Wow. I was shocked when I returned from one of my missions today to see the explosion of comments on my original post. In 24 hours the comments almost doubled, I think. I can't possibly remember or respond to the many points of view and opinions offered in the comments box, but I do have some additional remarks.
(1) Certainly, I appreciate comments of differing view points. I will admit surprise at how volatile was the expression of some of those points. One person claiming to be a priest left comments which I think are fairly classified as wild accusations. Oh well.

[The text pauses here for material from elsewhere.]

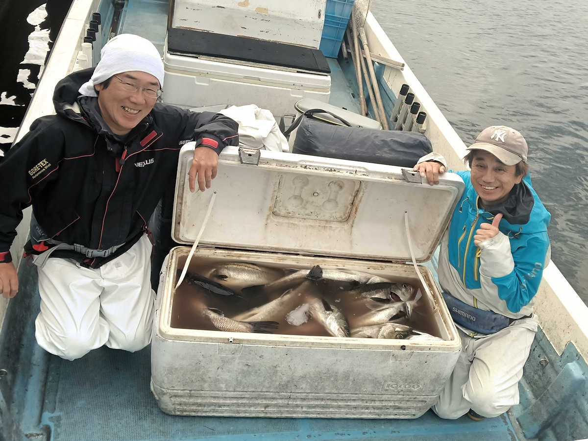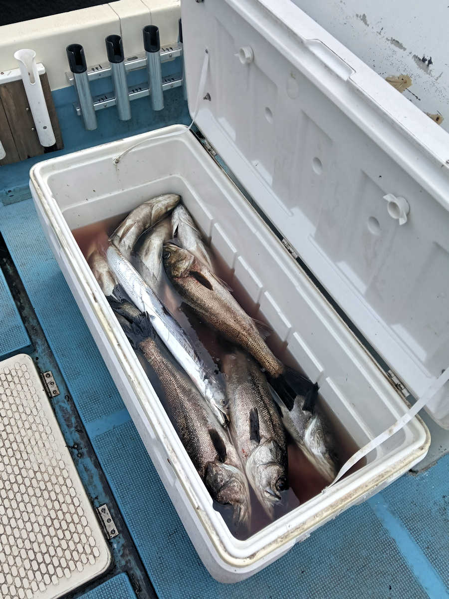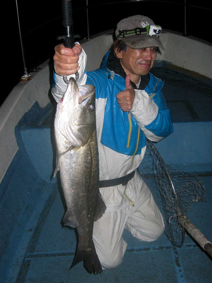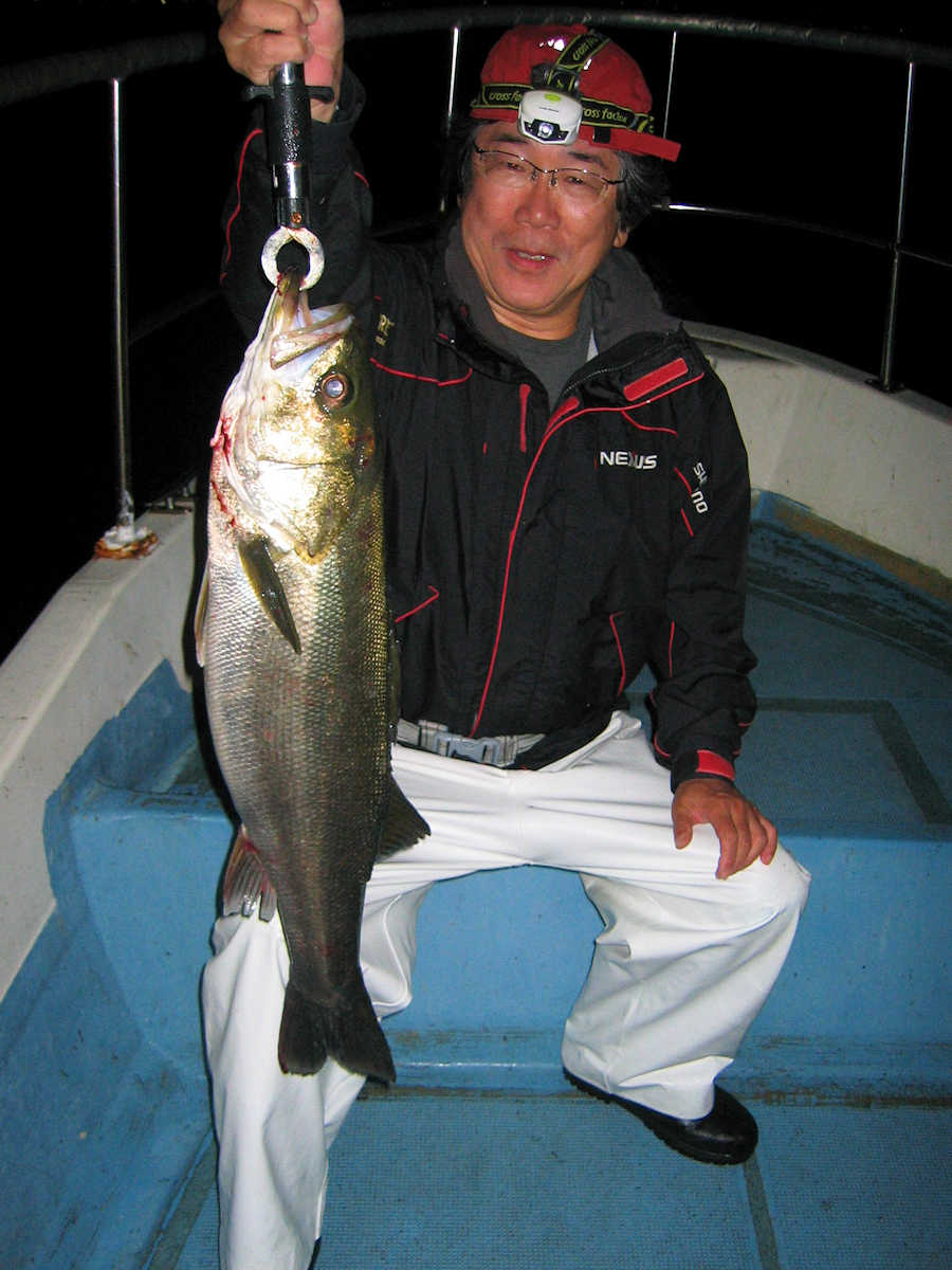 ■シーバス・ナイト×36匹 ■サワラ×ボーズ! □タチウオ×1匹(中サイズ) ■この日の題名:わたちゃん、敵討ち成功! この日は63~71㎝のサイズを25匹キャッチでき、大物フィーバーでした。 前半は65㎝以上のサイズがメインでニコニコ状態。 写真撮影をする暇なく、と言うか、「船長、写真なんて撮影しなくて良いので早く釣りしましょう!」と催促され狙い続けました! アハハ 中盤以降はサイズが小さくなり、57~62㎝級がメイン。 薄明るくなりバイトが止まり、楽しい釣りに満足して終了となりました。 二日前にバラシと乗りそこないのコンに泣いたワタちゃんでしたが、この日はバラシ少なくお見事でした! 敵討ちが出来て良かったですね! その後、第二本命のサワラ狙いのポイントへ移動。 前日サワラとサゴシのハネが出ていたポイントに直行しましたが、この日はヤヤ強の風で波立っている状態。 で、ハネやジャンプは見られず、鳥ちゃんも飛んでいない。 で、アタリなく、少し遠くまで怪しいポイントを探しに行ったが気配無く、最終的に他船が集まっている、風がヤヤ避けられるポイントで狙うがタチウオを1匹キャッチしただけで終了となりました。 トホホ・・・ ■シーバス・ナイト×36匹 □サイズ:55cm前後×1匹/58cm前後×5匹/61cm前後×5匹ぐらい /64cm前後×10匹ぐらい/67cm前後×8匹ぐらい/70cm前後×7匹 ■サワラ×ボーズ! □タチウオ×1匹(中サイズ) |

(2) Another commenter reminded us that it was I who was present at the Mass. With all due respect to the many suggestions offered as explanation for why no one initially moved to serve as lector, I certainly would not have been angry if those explanations were truly in the mix. For example, if I knew that none of the 60 people present were comfortable reading or that none of them could read, I certainly wouldn't have used my time to tell you all I was furious about that. That would have been silly. There were people present who can and could have read. As I have said time and again, I was angry because even after I asked for help, no one moved. That's what got me angry.

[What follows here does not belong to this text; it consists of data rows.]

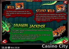 Japanese anime style characters use their shuriken, nunchacku and katana samarai swords to fight the dark forces. A mighty Dragon is Wild. It can spin into place on any reel, or a ninja can throw them onto the reels. During free spins, they're Sticky Wilds. They stick to their position until the free spins end (or the local jackpot is hit).
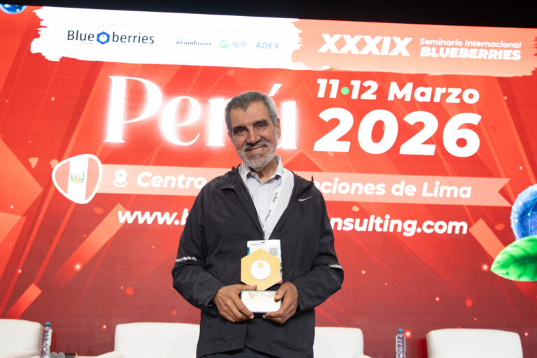 Durante el XXXIX Seminario Internacional Blueberries Lima 2026, el investigador y consultor internacional analizó los factores que explican la pérdida de firmeza del arándano entre campo y destino. Su participación coincidió además con un homenaje a su trayectoria científica y a su aporte al desarrollo del cultivo del arándano.
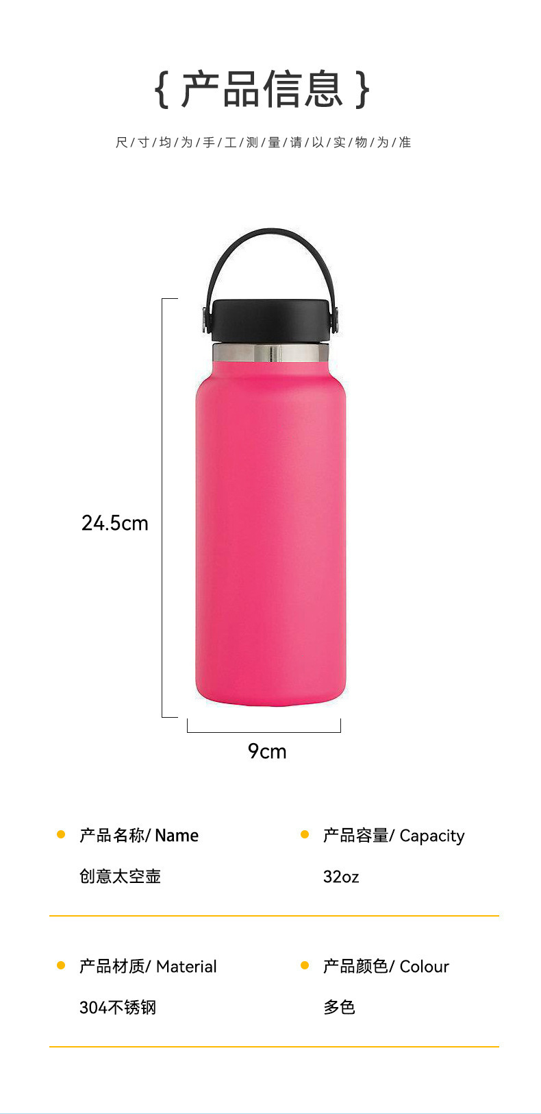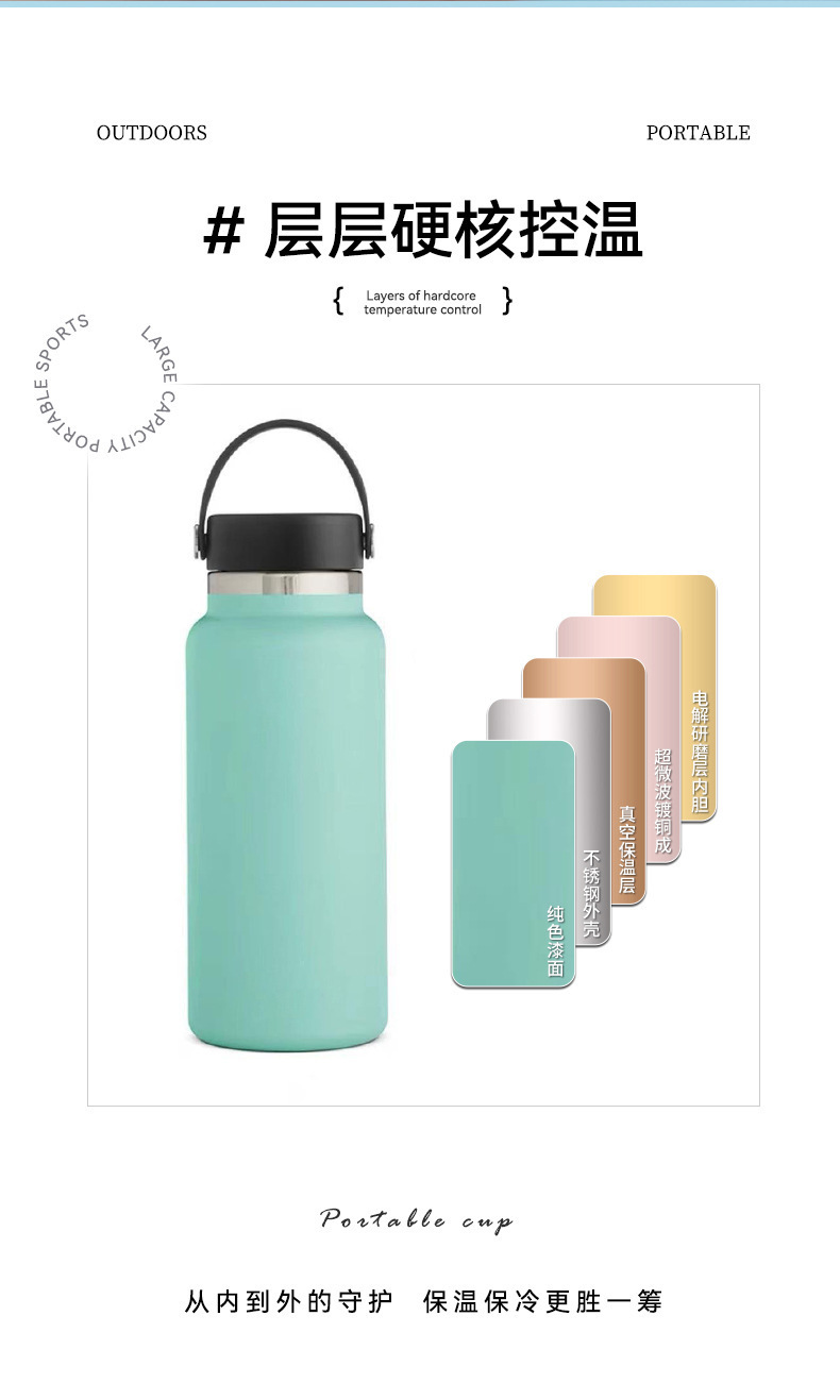 국경 304 스테인레스 스틸 진공 보온병 컵 대용량 휴대용 야외 스포츠 물병 자동차 등산 공간 냄비

(3) I have been surprised at the comments that express shock that a priest gets angry. It seems to me that if you are not surprised at other human emotions/reactions from a priest, then you ought not be surprised with anger. Furthermore, anger was something the Lord experienced. If your image of Jesus is just a warm, nice guy who never got angry and let people walk over him all the time, you don't have the complete picture of the Savior who is God-made-man. Now, might I have dealt with, or expressed my anger differently, even a more appropriate way? I suppose so. I am a man and a work in progress on the holiness meter. Of course I need to grow in charity. No doubt, if I were more charitable, I may not have reacted quite so strongly as I did. While I won't pretend that my anger found the best expression (neither during Mass or afterwards in recounting it to you), I still hold that anger is a justified response when no one moved to help, though there were plenty of qualified people present. And by the way, though I admitted being angry during Mass, many comments seemed to make an ENORMOUS leap in assuming that I became some sort of ferocious, drooling dog, staring out angrily at the people with searing eyes even as I held the Body of the Lord in my hands. Come on now.

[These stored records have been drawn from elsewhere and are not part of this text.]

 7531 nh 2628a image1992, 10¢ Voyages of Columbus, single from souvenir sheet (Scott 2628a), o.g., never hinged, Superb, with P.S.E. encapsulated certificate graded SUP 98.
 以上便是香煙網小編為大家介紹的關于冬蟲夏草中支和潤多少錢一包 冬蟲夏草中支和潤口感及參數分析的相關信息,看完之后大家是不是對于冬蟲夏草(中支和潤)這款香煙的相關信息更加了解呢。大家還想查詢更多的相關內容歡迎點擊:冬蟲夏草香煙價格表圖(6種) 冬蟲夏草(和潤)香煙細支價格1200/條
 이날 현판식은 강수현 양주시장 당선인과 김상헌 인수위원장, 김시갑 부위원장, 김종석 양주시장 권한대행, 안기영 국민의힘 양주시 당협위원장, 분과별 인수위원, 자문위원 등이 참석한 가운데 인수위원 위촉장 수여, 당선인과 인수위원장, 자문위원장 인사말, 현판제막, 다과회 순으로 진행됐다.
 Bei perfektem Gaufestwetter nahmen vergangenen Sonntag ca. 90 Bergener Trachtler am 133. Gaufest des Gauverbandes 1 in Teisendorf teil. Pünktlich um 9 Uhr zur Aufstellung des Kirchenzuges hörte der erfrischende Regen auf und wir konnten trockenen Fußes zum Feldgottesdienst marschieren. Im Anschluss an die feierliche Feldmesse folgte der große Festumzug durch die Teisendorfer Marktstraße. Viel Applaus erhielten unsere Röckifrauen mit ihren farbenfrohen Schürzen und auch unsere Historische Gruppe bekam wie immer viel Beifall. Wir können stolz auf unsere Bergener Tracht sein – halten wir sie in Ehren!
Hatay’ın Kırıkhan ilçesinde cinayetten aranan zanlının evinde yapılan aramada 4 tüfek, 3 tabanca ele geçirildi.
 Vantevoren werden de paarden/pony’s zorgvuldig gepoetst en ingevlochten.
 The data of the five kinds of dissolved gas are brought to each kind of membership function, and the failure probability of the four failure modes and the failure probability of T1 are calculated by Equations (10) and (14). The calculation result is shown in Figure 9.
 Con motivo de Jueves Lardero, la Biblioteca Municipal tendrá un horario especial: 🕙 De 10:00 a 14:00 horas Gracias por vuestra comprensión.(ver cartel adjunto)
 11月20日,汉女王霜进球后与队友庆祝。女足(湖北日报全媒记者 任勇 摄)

(4) I have learned some new information that helps me understand how the original problem happened to begin with. The parish has not been accustomed to organization and planning. I however expect it and the transition to my expectations is going to take time. After ranting on the blog and reading many comments, I started doing some homework and discovered, to my surprise, that in fact the parish does not have a schedule of lay ministers for the Spanish Masses. We do for the English, but not the Spanish. Knowing that we had "a schedule" I had presumed that meant a schedule for every Mass. I was unaware of the deficiency. Remember I am only two months here as pastor. I suppose what normally happens is that missing ministers is not usually a problem because our Mexican Sisters find people to fulfill the various roles before I even arrive for Mass (remember I am on the road returning from a mission parish one hour away). However, now the Sisters are back in Mexico for two months and so, guess what? Things are falling through the cracks. So, to those who leveled bizarre accusations presuming my presence as pastor for TWO MONTHS has already had such negative effects as dwindling numbers and absent lay ministers,... please! Now, with more information about some of the practices I have inherited here, I can move forward and try to make some positive changes.
(5) I take responsibility that my ranting elicited some equally strong reactions. But given the information I had at the time and the brief time I have been here as pastor, I think my reaction was reasonable, if not perfect. With the new discoveries I have now made, were I to rant about the same matter again, I would be out of line and guilty of SOME of the things mentioned in the comments box.